-- PROVIDED ENTRIES follows --
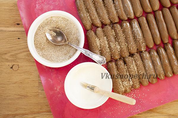 Из каждого кусочка формируем маленькие жгутики длиной 8 см. Смазываем каждый молоком и посыпаем смесью сахара с корицей.
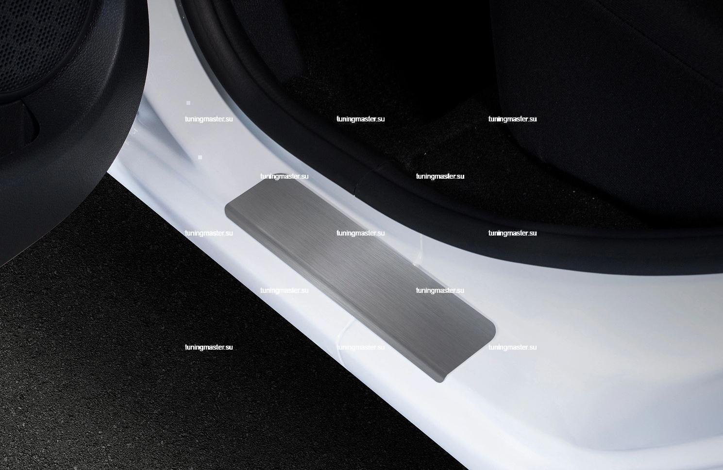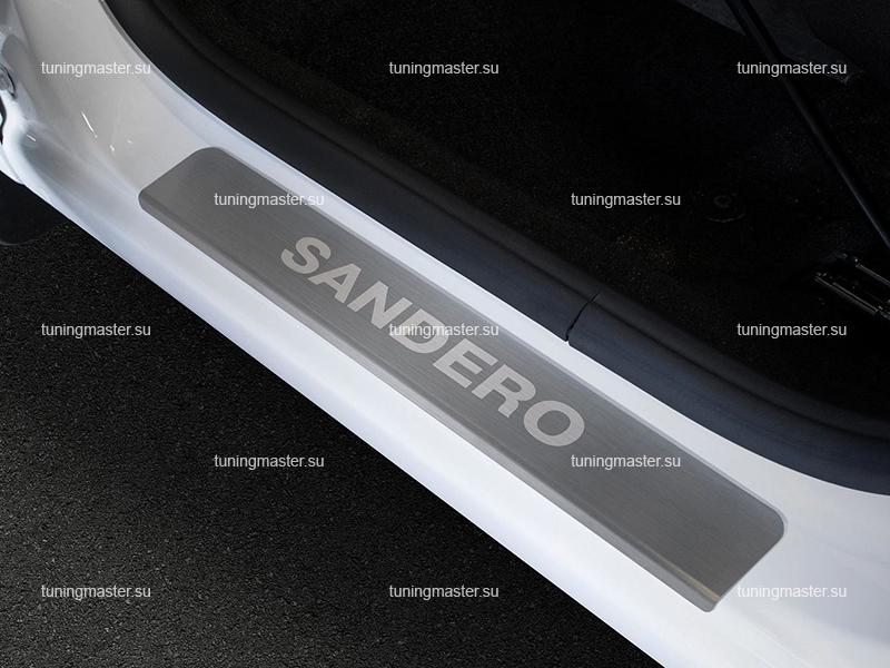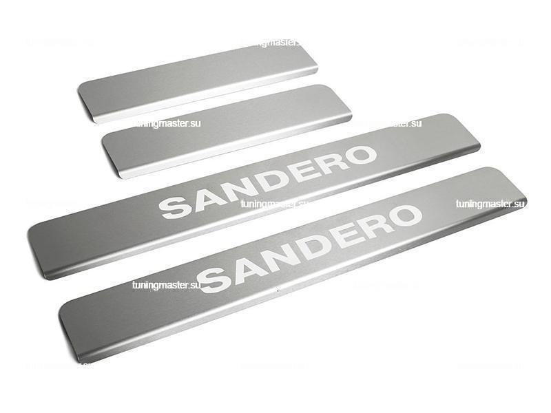 Накладки на пороги Renault Sandero с логотипом. Для автомобилей с 2014 год. Декоративные накладки на внутренние пороги RIVAL с логотипом марки автомобиля производят из высоколегированной нержавеющей стали и является отличным решением для тюнинга салона автомобиля. Хромированные накладки на пороги с геометрической точностью повторяют порог автомобиля. Накладки на пороги выполняют не только декоративную функцию, но и защищают поверхность от механических повреждений. Декоративные накладки на внутренние пороги автомобиля надежно крепятся с помощью 3М-скотча. В комплекте 4 шт.
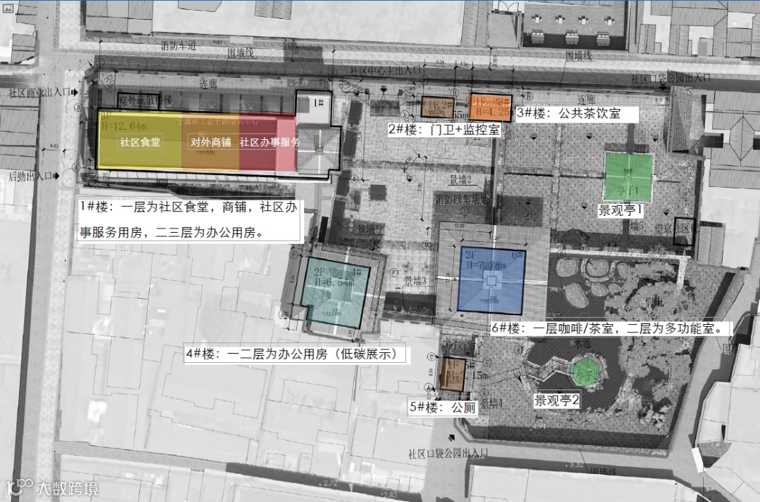 根据建筑空间特点,植入新功能。将原有疗养空间改造为商业、社区、活动等,兼顾办公、文化展示与社交需求;临街建筑可设为茶室、咖啡馆,提升街区活力。
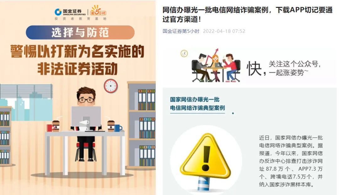 4、为宣传揭露非法活动犯罪手法和主要特点,提高投资者风险识别和防范能力,公司将防非知识转化为趣味图文,并通过基地各平台持续进行防非活动宣传。
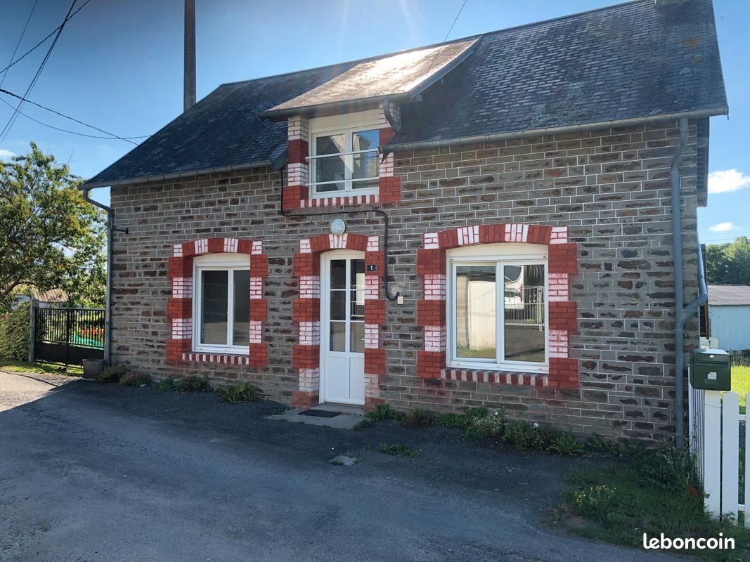 Maison avec jardin, salle, cheminée avec insert, coin cuisine, Wc, cave. A étage : 2 chambres, 1 salle de bains et Wc, un coin bureau.
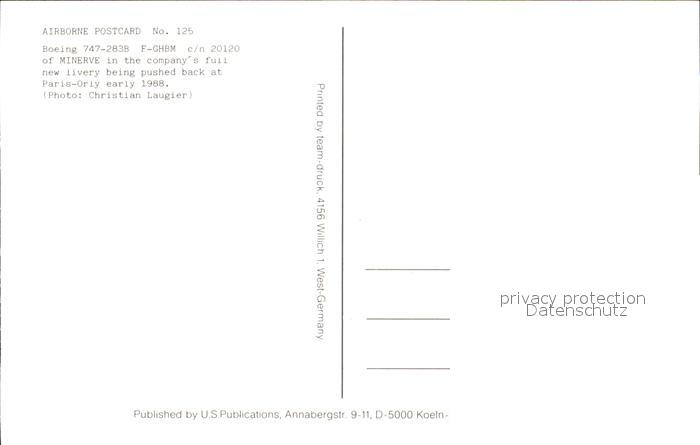 Flugzeuge Zivil Boeing 747-283B F-GHBM c/n 20120 postalisch nicht gelaufen Erhaltung siehe scans
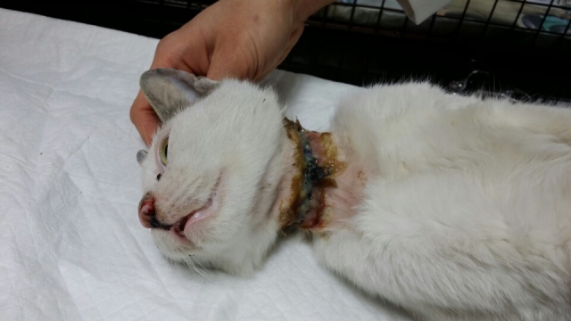 목이 조여 상처가 깊은 냥이 구조하였습니다
-- PROVIDED ENTRIES concluded --
▸ WHAT NEEDS TO BE DONE
The full text of the data above, exact and without pictures, is what to return.

▸ WRITTEN ANSWER
 Из каждого кусочка формируем маленькие жгутики длиной 8 см. Смазываем каждый молоком и посыпаем смесью сахара с корицей.
 Накладки на пороги Renault Sandero с логотипом. Для автомобилей с 2014 год. Декоративные накладки на внутренние пороги RIVAL с логотипом марки автомобиля производят из высоколегированной нержавеющей стали и является отличным решением для тюнинга салона автомобиля. Хромированные накладки на пороги с геометрической точностью повторяют порог автомобиля. Накладки на пороги выполняют не только декоративную функцию, но и защищают поверхность от механических повреждений. Декоративные накладки на внутренние пороги автомобиля надежно крепятся с помощью 3М-скотча. В комплекте 4 шт.
 根据建筑空间特点,植入新功能。将原有疗养空间改造为商业、社区、活动等,兼顾办公、文化展示与社交需求;临街建筑可设为茶室、咖啡馆,提升街区活力。
 4、为宣传揭露非法活动犯罪手法和主要特点,提高投资者风险识别和防范能力,公司将防非知识转化为趣味图文,并通过基地各平台持续进行防非活动宣传。
 Maison avec jardin, salle, cheminée avec insert, coin cuisine, Wc, cave. A étage : 2 chambres, 1 salle de bains et Wc, un coin bureau.
 Flugzeuge Zivil Boeing 747-283B F-GHBM c/n 20120 postalisch nicht gelaufen Erhaltung siehe scans
 목이 조여 상처가 깊은 냥이 구조하였습니다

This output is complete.